It has been undergoing a major revitalisation since it was rediscovered by locals in the 1990s.

== Subprefecture ==
The Subprefecture of Centro and Centro Histórico is one of the seven subprefectures into which the municipality of Rio de Janeiro is sub-administered, and it is responsible for administering the administrative regions of Portuária, Centro, Rio Comprido, São Cristóvão, Ilha de Paquetá and Santa Teresa. It acts as an intermediary between the population of the entire area and the municipal government of Rio de Janeiro. It is also responsible for developing urban order for residents and visitors and for revitalizing the region under its jurisdiction.

== Neighbourhoods ==
- Bairro de Fátima
- Castelo
- Centro
- Catumbi
- Cidade Nova
- Estácio
- Gamboa
- Lapa
- Santa Teresa
- Santo Cristo
- Saúde

== Transportation ==
The city's main train station, Central do Brasil (which provides connections to the SuperVia regional rail system), is located in the Estacio district. The area also contains the terminus for the Santa Teresa Tram at Estação Carioca. Other important modes of transport that connect to Zona Central are:

- Rio Metro
- VLT (light rail/tram)
- Buses

The area also contains the Santos Dumont Airport, one of two major airports in the Rio area.
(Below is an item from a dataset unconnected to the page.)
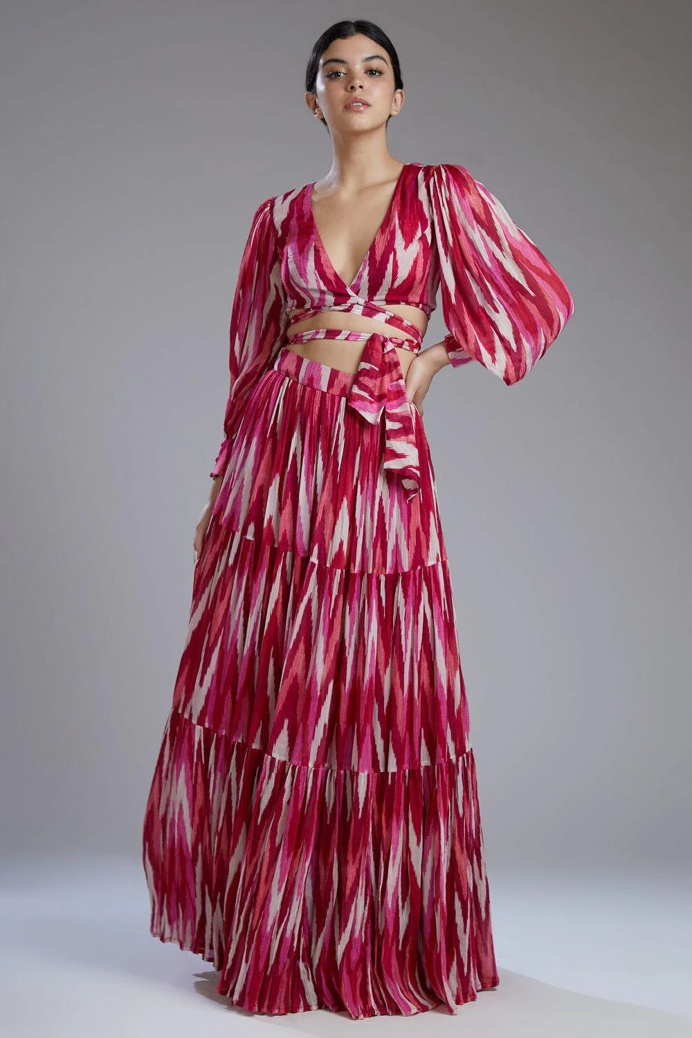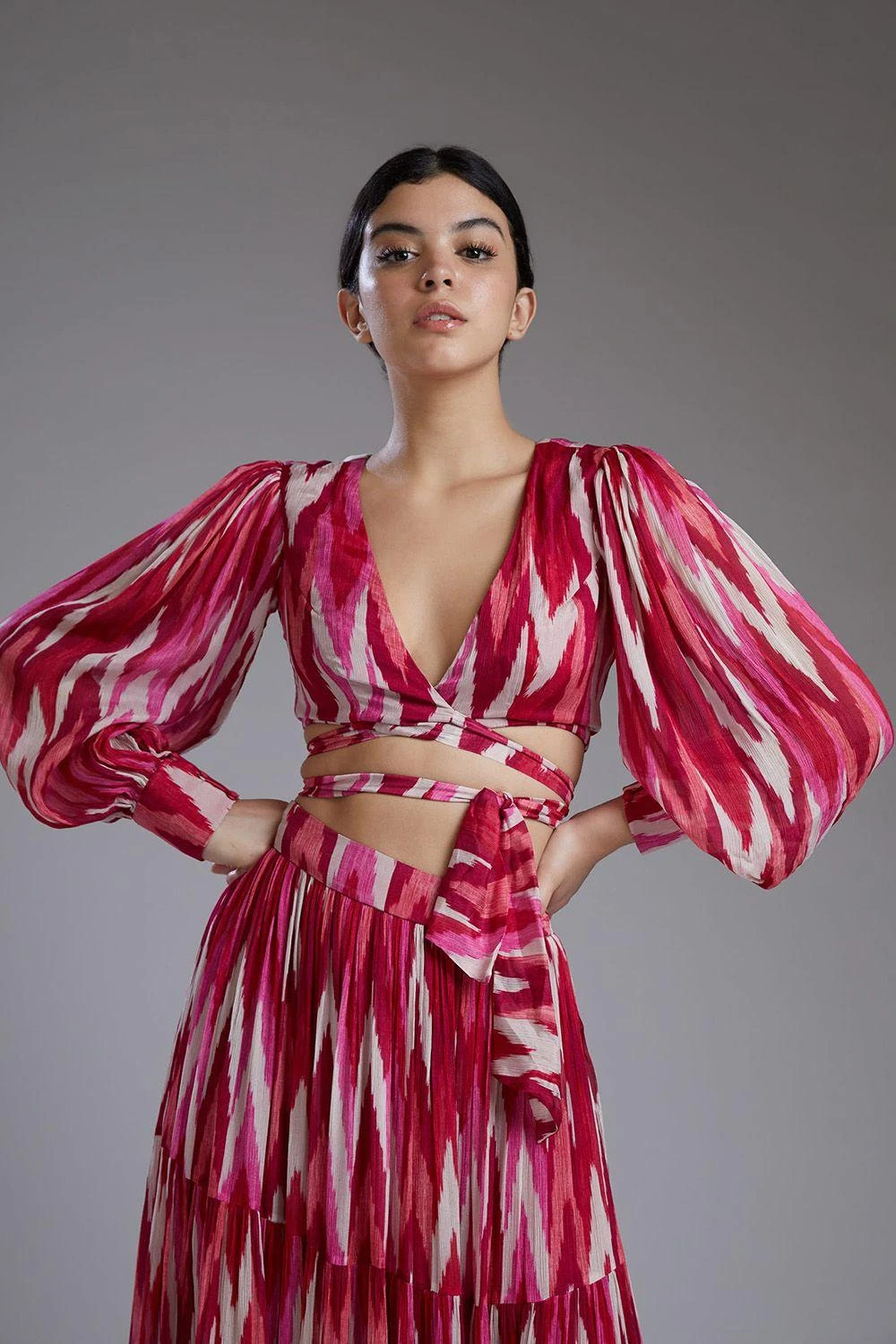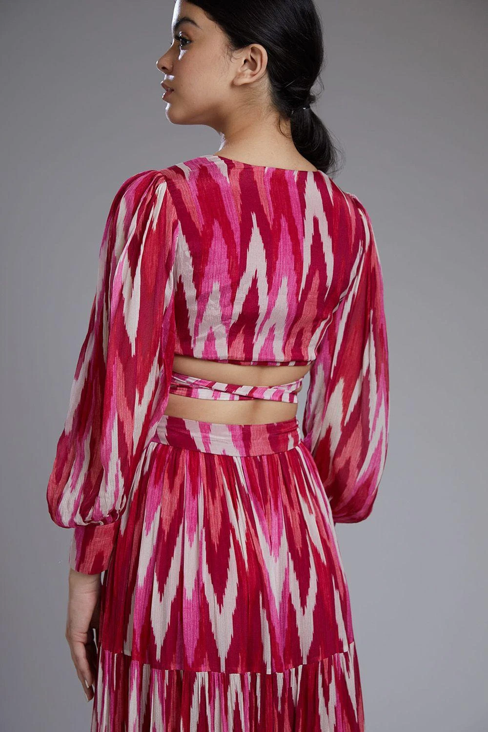 KoAi Chiffon White & Pink Dabu Zig Zag Bow Tie Top

The Central Zone is the core of the Rio de Janeiro metropolis, that is, it polarizes the entire metropolitan area. It contains the largest concentration of job opportunities in the Greater Rio region, which makes the area the main pole attracting workers from all parts of this metropolitan agglomeration. To serve residents of this region who travel daily toward the metropolitan core, mainly for work, the Central Zone has a large number of urban routes—both municipal and intermunicipal—of buses, trains, metro and ferries that directly connect this part of the capital to almost all neighborhoods of the South, North and West zones of the municipality of Rio, and to a large part of the neighborhoods of the municipalities of Duque de Caxias, São João de Meriti, Belford Roxo, Nilópolis, Mesquita, Nova Iguaçu, Queimados, Japeri, Paracambi, Seropédica, Itaguaí, Magé, Guapimirim, Niterói, São Gonçalo, Itaboraí, Tanguá, Maricá and Rio Bonito (in addition to vans and intercity bus lines that travel from downtown Rio to metropolitan municipalities farther from the core, such as Cachoeiras de Macacu and Mangaratiba), which shapes urban mobility and thus keeps the municipalities of the Rio de Janeiro metropolitan agglomeration strongly linked to its main centrality.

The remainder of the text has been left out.